__Data extract__.
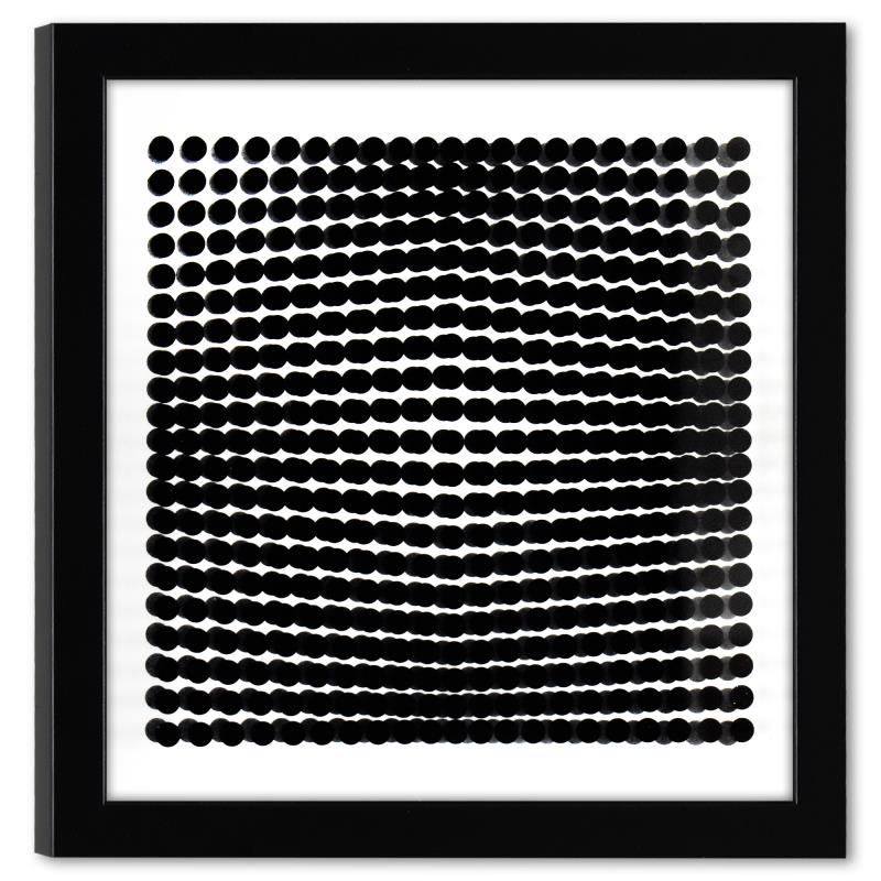 "Trois Dimensions Optique de la série Cinetiques" is a dimensional artwork, published in 1973, by Victor Vasarely (1908-1997). This piece comes custom framed. This piece comes with a catalogue raisonne of Vasarely's work with forward from Marcel Joray (paper back, published 1976). Includes Letter of Authenticity. Measures approx. 11.5" x 11.5" (frame), 9" x 9" (image).
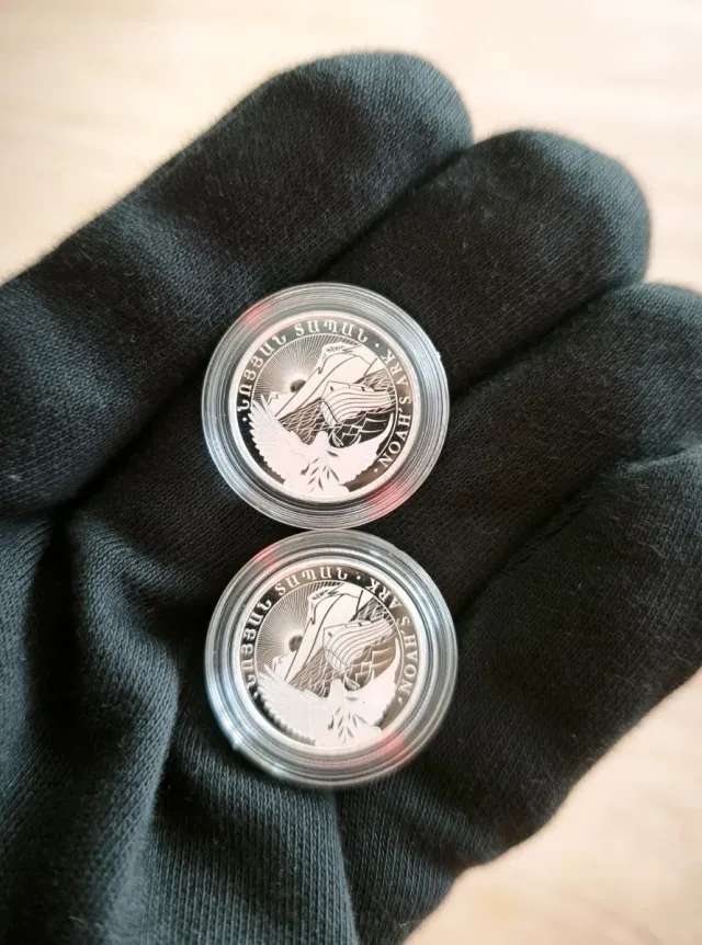 Lote de 2 monedas de plata de alta pureza con diseño del Arca de Noé, con un peso de 1/4 Oz cada moneda.
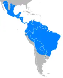 The collared peccary is widespread throughout much of the tropical and subtropical Americas, ranging from the Southwestern United States to northern Argentina. They were reintroduced to Uruguay in 2017, after 100 years of extirpation there.[9] The only Caribbean island where it is native, however, is Trinidad. Until fairly recently, it was also present on the nearby island of Tobago, but is now exceedingly rare (if not extirpated) due to overhunting by humans. An adaptable species, it inhabits deserts, xeric shrublands, tropical and subtropical grasslands, savannas, shrublands, flooded grasslands and savannas, tropical and subtropical dry broadleaf forests, and several other habitats; it is also present in habitats shared by humans, merely requiring sufficient cover. Peccaries can be found in cities and agricultural land throughout their range, where they consume garden plants. Notable populations are known to exist in the suburbs of Phoenix and Tucson, Arizona.[10][11]

__Task instructions__. Skip every picture and transcribe the data above exactly.

__Written solution__.
 "Trois Dimensions Optique de la série Cinetiques" is a dimensional artwork, published in 1973, by Victor Vasarely (1908-1997). This piece comes custom framed. This piece comes with a catalogue raisonne of Vasarely's work with forward from Marcel Joray (paper back, published 1976). Includes Letter of Authenticity. Measures approx. 11.5" x 11.5" (frame), 9" x 9" (image).
 Lote de 2 monedas de plata de alta pureza con diseño del Arca de Noé, con un peso de 1/4 Oz cada moneda.
 The collared peccary is widespread throughout much of the tropical and subtropical Americas, ranging from the Southwestern United States to northern Argentina. They were reintroduced to Uruguay in 2017, after 100 years of extirpation there.[9] The only Caribbean island where it is native, however, is Trinidad. Until fairly recently, it was also present on the nearby island of Tobago, but is now exceedingly rare (if not extirpated) due to overhunting by humans. An adaptable species, it inhabits deserts, xeric shrublands, tropical and subtropical grasslands, savannas, shrublands, flooded grasslands and savannas, tropical and subtropical dry broadleaf forests, and several other habitats; it is also present in habitats shared by humans, merely requiring sufficient cover. Peccaries can be found in cities and agricultural land throughout their range, where they consume garden plants. Notable populations are known to exist in the suburbs of Phoenix and Tucson, Arizona.[10][11]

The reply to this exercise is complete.